I managed to see all
the plants I’d missed, including the intriguing welwitschia, which can live for over two thousand years, so long they carbon date it. It looks like a weathered cork with two long strap like leaves up to 13 feet long on a mature plant, often curled into a heap several feet tall. Its endemic to a small and very dry part of the Namib desert, parts of its range have never recorded rainfall. It survives there off ground water via its long taproot and occasional sea fogs.
In the middle of my visit I stopped at their cafe for a beer and a bunny chow, popularized by E Indian immigrants this is a breadbowl full of curried meat and veggies. My waiters face was all carved up-he'd tried to resist a mugging and woke up in the hospital.
Capetown has much more to offer, but my three weeks were up, time to go home.

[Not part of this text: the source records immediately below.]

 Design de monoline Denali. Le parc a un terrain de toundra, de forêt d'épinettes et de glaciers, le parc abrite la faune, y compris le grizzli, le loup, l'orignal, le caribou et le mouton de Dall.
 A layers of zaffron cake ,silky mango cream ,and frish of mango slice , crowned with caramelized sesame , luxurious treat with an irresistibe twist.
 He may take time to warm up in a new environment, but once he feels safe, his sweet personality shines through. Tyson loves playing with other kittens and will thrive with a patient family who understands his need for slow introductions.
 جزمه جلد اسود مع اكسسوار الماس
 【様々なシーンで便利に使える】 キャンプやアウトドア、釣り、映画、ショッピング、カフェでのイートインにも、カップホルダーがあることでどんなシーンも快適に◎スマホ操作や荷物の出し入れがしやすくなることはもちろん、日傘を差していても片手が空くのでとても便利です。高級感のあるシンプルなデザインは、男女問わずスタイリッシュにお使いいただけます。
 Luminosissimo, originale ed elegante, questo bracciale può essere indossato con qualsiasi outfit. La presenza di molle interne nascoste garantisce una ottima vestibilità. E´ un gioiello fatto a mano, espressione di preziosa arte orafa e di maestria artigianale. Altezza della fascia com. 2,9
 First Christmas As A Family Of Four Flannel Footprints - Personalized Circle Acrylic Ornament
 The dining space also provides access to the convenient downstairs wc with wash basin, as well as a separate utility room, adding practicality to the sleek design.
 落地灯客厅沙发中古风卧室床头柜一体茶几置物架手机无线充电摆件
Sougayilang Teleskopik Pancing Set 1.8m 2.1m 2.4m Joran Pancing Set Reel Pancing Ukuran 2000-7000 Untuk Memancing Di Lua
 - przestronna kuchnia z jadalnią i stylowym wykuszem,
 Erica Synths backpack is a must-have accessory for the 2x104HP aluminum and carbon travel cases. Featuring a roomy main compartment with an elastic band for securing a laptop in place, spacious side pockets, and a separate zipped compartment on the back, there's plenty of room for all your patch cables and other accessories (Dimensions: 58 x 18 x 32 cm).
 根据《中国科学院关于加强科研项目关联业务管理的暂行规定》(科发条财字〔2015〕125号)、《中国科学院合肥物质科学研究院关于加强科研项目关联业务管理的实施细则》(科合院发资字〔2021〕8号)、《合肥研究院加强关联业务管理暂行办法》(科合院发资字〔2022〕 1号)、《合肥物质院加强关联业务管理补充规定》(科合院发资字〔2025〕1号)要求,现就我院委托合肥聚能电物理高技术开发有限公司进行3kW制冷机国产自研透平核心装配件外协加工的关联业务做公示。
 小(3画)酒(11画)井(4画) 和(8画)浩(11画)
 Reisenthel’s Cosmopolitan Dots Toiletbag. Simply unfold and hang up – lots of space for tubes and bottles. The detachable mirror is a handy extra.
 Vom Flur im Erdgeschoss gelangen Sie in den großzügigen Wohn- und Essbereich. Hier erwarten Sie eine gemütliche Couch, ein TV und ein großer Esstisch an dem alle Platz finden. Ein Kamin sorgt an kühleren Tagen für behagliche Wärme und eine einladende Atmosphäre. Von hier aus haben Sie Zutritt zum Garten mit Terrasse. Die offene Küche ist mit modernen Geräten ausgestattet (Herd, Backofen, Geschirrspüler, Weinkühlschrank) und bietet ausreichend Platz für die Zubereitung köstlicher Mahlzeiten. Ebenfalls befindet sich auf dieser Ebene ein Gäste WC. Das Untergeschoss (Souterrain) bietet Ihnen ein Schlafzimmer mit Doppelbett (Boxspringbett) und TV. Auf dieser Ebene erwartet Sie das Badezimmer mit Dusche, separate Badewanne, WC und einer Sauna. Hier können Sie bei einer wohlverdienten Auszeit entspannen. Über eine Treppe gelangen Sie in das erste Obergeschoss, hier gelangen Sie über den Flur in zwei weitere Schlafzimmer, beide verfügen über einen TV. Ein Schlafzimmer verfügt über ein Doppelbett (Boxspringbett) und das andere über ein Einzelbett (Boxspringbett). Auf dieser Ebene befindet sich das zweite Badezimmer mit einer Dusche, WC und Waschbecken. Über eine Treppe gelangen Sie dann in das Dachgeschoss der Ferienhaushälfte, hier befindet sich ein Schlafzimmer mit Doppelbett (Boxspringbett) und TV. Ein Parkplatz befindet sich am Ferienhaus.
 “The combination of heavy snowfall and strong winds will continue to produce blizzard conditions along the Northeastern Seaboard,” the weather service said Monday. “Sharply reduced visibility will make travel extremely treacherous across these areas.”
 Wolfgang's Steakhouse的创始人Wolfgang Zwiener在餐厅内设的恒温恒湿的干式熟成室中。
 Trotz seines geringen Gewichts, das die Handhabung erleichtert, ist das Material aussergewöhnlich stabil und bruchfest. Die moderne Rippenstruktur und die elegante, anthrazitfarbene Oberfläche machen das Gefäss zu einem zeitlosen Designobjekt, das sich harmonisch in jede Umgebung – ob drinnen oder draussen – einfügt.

A note on safety: SA is a fairly violent place and its not safe to pick up hitchers in SA, I was lucky not to be mugged and wouldn’t do it again. It helps to be 6’2” and look mentally diverse. Its safe in Botswana and Namibia, where even unaccompanied school children do it. When I got back to Capetown, I found a grocery in the area I'd stayed had been burnt and looted, killing two.
Paved roads are good and I saw no road rage in thousands of miles. The roads are good enough to tempt the leadfeet. Beware. I got a couple automated camera tickets. $20us no court costs, payable online.